CORRELATION OF OSTEOLOGY AND LOCOMOTION: INFERRING
SWIMMING
MODES IN EXTINCT ORNITHURAE
HINIC-FRLOG, Sanja, MOTANI, Ryosuke, Univ. of
California, Davis, CA
The anatomical features of extant Neornithes are
expected to reflect physical constraints
during locomotion. If identified, these properties may
also be applicable to extinct birds for
which direct ecological and behavioral observation is
lacking. In order to infer locomotory
attributes of fossil birds, it is necessary to show
that osteology alone can be used to distinguish
between different locomotor modes in extant birds.
We compiled data on locomotor preferences and
anatomical features of 206 species of
extant birds. Using a statistical approach we
demonstrate that physical constraints of avian
environments are reflected in osteological features.
Principal component analysis (PCA) of
living avians identified subsets of osteological
features that are useful in separating diving,
swimming, and flying species. When superimposing
fossil species, Hesperornis regalis is
placed within the distribution of foot-propelling
underwater swimmers, whereas Baptornis
advenus appeared among wing-propelled divers. This is
the first quantitative test of underwater
swimming ability of hesperornithiform birds.

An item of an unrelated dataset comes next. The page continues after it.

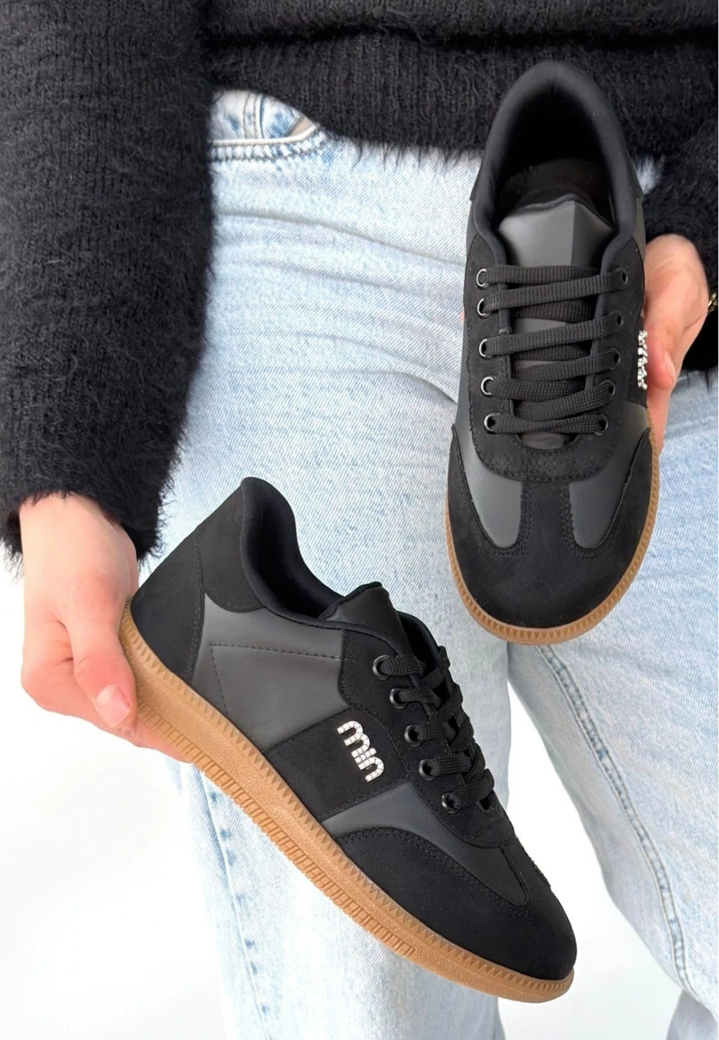 • Lunga Siyah Cilt Bağcıklı Spor Ayakkabı

We investigated the biomechanical significance of the
width of the hip and the length
of the cnemial process of the tibiotarsus. Previous
workers already associated these features
with swimming modes, but the reasons for the
association have not been rigorously tested.
The narrow hip was believed to contribute to a
teardrop body shape that reduced drag forces
while moving through the water. However, these divers
spread the feet widely even when
gliding through the water, eliminating the
contribution of the narrow hip to reduce drag.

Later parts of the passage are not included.